Y este artículo me sale a propósito de lo que me pidió un buen amigo periodista. Necesita que le narre alguna anécdota que ilustre las situaciones que vivimos los autores en las ferias (las del libro, se entiende).

Partiré, si ustedes me lo permiten, desde mi particular capítulo de confesiones, admitiendo que no son santo de mi devoción las ferias varias. A lo mejor, la que se celebra en mi pueblo a final de mayo, con buen jamón y vino fino, quizás me aliente más el espíritu. No me hacen del todo feliz las concentraciones, en pocos días, de actos librescos, autores en compaña y campaña, ventas (y no ventas) de libros, dedicatorias atropelladas y fotografías de rigor con personas que, como esos familiares impuestos y superpuestos en las comidas navideñas, ni te van ni te vienen, aunque también sea lugar de encuentro entre amigos. Admiro la labor de libreros, editores e incombustibles escritores de literatura de la que se empeñan en serlo (entre los que a lo mejor me incluyo), que no cejan en su esfuerzo de trabajar la autoestima, superando el trauma terrible de ver, justo en la caseta de enfrente, una cola infinita deseando que ese nombre instragramer, influencer e idioter, les regale un autógrafo para ese libro de cubierta molona. En fin.
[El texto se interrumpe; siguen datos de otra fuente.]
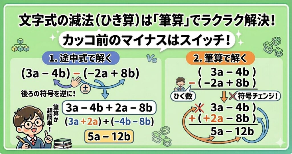 引き算であれば、符号チェンジを忘れないようにしましょう。
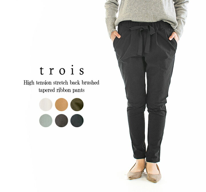 - trois トロア ハイテンションストレッチ裏起毛テーパードリボンパンツ T256-87025【T216 T196-87025】【特別価格】
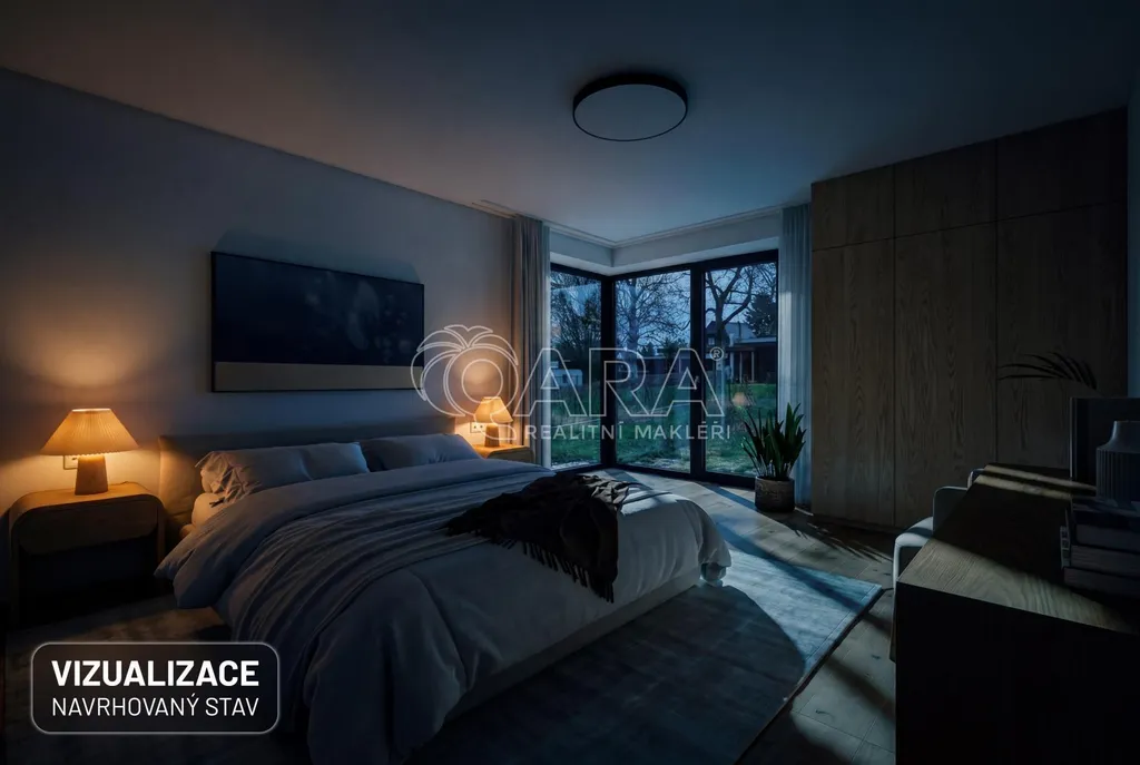 Součástí je také velkorysá garáž o ploše 44 m² s navazujícím skladem nebo dílnou, ideální nejen pro parkování dvou vozů, ale i pro hobby a uskladnění všeho potřebného.
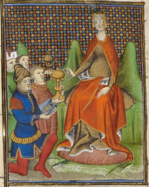 This illumination depicts Queen Joanna of Jerusalem and Sicily sitting on a throne with her subjects surrounding her. She is depicted wearing a crown to demonstrate her royal status. Her subjects appear to be handing her gifts. Boccaccio explains that Joanna was a praiseworthy subject to write on as she was an impressive and fierce ruler which was not common for women during her time.

Desconozco cómo ha sido el balance de las ferias en las que he estado. No manejo las cifras reales (las publicitarias no me las creo mucho). Mejor no indagar. Y es que el otro día leía en el artículo de un amigo, algo que ya sé de sobra: la ingente cantidad de autores supera a los lectores reales. Una locura. Por eso es fácil, por muchos motivos, caer en el desánimo, si a todo lo ya expuesto se le suman los ninguneos y el quítate tú para ponerme yo.

A pesar del cansancio, en las fiestas de los libros hay que estar. Debemos ir con la mirada limpia, y la misma curiosidad que sentíamos antes de nadar en las tripas del mundillo profundo. Se deben celebrar los libros, como buenos lectores, por encima de todo. Es necesaria la dosis prudente de inocencia, para creer que esto que hacemos tiene utilidad, y que si somos nosotros los autores incombustibles con boli en ristre, inventando dedicatorias para esas tres o cuatro almas que se acercan con una sonrisa, es porque también hemos sido lectores y nos merecíamos todo lo bueno, y más. La buena memoria es un valor a tener en cuenta.

Seguirán las ferias y el desaliento. Aunque se sabe que todo es un reflejo de nada, quizás me alegra vivirlas de un modo u otro. Al volver a casa, vaciar la mochila me sacude de los hombros la tristeza, pues llega un buen puñado de libros que colocar junto a los que envían los amigos y ya esperan su turno. Lo mejor de las farsas es reconocerlas. Y de los viajes, el regreso.